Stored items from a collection
======

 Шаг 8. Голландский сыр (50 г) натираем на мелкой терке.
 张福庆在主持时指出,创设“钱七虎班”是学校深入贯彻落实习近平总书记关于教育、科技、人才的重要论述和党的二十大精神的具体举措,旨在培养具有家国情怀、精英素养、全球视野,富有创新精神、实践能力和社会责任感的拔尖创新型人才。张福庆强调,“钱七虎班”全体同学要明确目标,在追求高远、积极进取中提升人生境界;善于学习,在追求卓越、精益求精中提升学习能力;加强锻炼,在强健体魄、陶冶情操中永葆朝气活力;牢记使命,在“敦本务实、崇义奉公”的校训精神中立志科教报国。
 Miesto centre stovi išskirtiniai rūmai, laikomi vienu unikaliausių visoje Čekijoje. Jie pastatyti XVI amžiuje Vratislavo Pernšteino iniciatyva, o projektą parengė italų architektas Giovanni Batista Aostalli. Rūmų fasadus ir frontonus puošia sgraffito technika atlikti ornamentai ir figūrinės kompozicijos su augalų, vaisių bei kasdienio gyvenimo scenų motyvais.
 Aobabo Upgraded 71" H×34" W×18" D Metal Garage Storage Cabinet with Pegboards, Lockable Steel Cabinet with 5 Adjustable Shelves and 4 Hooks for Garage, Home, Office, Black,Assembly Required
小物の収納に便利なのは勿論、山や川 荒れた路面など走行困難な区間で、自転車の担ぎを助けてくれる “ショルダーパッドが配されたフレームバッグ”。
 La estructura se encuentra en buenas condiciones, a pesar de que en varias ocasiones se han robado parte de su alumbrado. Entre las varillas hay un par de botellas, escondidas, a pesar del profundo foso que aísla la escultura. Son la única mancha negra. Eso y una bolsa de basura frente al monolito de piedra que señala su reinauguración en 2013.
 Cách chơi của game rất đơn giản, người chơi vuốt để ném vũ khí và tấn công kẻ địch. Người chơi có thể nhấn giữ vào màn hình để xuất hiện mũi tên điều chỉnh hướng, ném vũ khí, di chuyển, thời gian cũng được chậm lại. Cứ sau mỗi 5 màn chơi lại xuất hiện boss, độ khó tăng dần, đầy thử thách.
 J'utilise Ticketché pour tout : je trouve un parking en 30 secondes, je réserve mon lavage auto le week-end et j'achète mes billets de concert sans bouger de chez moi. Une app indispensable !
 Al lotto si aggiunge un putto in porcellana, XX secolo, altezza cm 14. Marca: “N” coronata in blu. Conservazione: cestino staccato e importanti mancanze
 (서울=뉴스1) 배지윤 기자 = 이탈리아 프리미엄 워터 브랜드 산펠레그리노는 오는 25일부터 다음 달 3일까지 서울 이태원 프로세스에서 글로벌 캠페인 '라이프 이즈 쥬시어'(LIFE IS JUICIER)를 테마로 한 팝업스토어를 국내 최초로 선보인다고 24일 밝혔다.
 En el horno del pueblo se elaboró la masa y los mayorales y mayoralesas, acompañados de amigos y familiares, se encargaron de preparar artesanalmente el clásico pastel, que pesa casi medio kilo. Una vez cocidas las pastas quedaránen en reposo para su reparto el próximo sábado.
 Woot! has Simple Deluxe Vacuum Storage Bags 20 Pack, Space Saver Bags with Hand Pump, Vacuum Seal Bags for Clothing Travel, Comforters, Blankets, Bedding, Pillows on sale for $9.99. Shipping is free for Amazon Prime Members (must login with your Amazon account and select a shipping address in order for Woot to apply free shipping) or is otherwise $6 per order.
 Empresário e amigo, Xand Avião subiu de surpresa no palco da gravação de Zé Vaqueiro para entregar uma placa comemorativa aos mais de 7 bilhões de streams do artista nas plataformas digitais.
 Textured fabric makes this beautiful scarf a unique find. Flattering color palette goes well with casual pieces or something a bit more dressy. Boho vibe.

======

** Your goal **
Reproduce every line above, keeping each word exactly as it appears.

** Exercise result **
 Шаг 8. Голландский сыр (50 г) натираем на мелкой терке.
 张福庆在主持时指出,创设“钱七虎班”是学校深入贯彻落实习近平总书记关于教育、科技、人才的重要论述和党的二十大精神的具体举措,旨在培养具有家国情怀、精英素养、全球视野,富有创新精神、实践能力和社会责任感的拔尖创新型人才。张福庆强调,“钱七虎班”全体同学要明确目标,在追求高远、积极进取中提升人生境界;善于学习,在追求卓越、精益求精中提升学习能力;加强锻炼,在强健体魄、陶冶情操中永葆朝气活力;牢记使命,在“敦本务实、崇义奉公”的校训精神中立志科教报国。
 Miesto centre stovi išskirtiniai rūmai, laikomi vienu unikaliausių visoje Čekijoje. Jie pastatyti XVI amžiuje Vratislavo Pernšteino iniciatyva, o projektą parengė italų architektas Giovanni Batista Aostalli. Rūmų fasadus ir frontonus puošia sgraffito technika atlikti ornamentai ir figūrinės kompozicijos su augalų, vaisių bei kasdienio gyvenimo scenų motyvais.
 Aobabo Upgraded 71" H×34" W×18" D Metal Garage Storage Cabinet with Pegboards, Lockable Steel Cabinet with 5 Adjustable Shelves and 4 Hooks for Garage, Home, Office, Black,Assembly Required
小物の収納に便利なのは勿論、山や川 荒れた路面など走行困難な区間で、自転車の担ぎを助けてくれる “ショルダーパッドが配されたフレームバッグ”。
 La estructura se encuentra en buenas condiciones, a pesar de que en varias ocasiones se han robado parte de su alumbrado. Entre las varillas hay un par de botellas, escondidas, a pesar del profundo foso que aísla la escultura. Son la única mancha negra. Eso y una bolsa de basura frente al monolito de piedra que señala su reinauguración en 2013.
 Cách chơi của game rất đơn giản, người chơi vuốt để ném vũ khí và tấn công kẻ địch. Người chơi có thể nhấn giữ vào màn hình để xuất hiện mũi tên điều chỉnh hướng, ném vũ khí, di chuyển, thời gian cũng được chậm lại. Cứ sau mỗi 5 màn chơi lại xuất hiện boss, độ khó tăng dần, đầy thử thách.
 J'utilise Ticketché pour tout : je trouve un parking en 30 secondes, je réserve mon lavage auto le week-end et j'achète mes billets de concert sans bouger de chez moi. Une app indispensable !
 Al lotto si aggiunge un putto in porcellana, XX secolo, altezza cm 14. Marca: “N” coronata in blu. Conservazione: cestino staccato e importanti mancanze
 (서울=뉴스1) 배지윤 기자 = 이탈리아 프리미엄 워터 브랜드 산펠레그리노는 오는 25일부터 다음 달 3일까지 서울 이태원 프로세스에서 글로벌 캠페인 '라이프 이즈 쥬시어'(LIFE IS JUICIER)를 테마로 한 팝업스토어를 국내 최초로 선보인다고 24일 밝혔다.
 En el horno del pueblo se elaboró la masa y los mayorales y mayoralesas, acompañados de amigos y familiares, se encargaron de preparar artesanalmente el clásico pastel, que pesa casi medio kilo. Una vez cocidas las pastas quedaránen en reposo para su reparto el próximo sábado.
 Woot! has Simple Deluxe Vacuum Storage Bags 20 Pack, Space Saver Bags with Hand Pump, Vacuum Seal Bags for Clothing Travel, Comforters, Blankets, Bedding, Pillows on sale for $9.99. Shipping is free for Amazon Prime Members (must login with your Amazon account and select a shipping address in order for Woot to apply free shipping) or is otherwise $6 per order.
 Empresário e amigo, Xand Avião subiu de surpresa no palco da gravação de Zé Vaqueiro para entregar uma placa comemorativa aos mais de 7 bilhões de streams do artista nas plataformas digitais.
 Textured fabric makes this beautiful scarf a unique find. Flattering color palette goes well with casual pieces or something a bit more dressy. Boho vibe.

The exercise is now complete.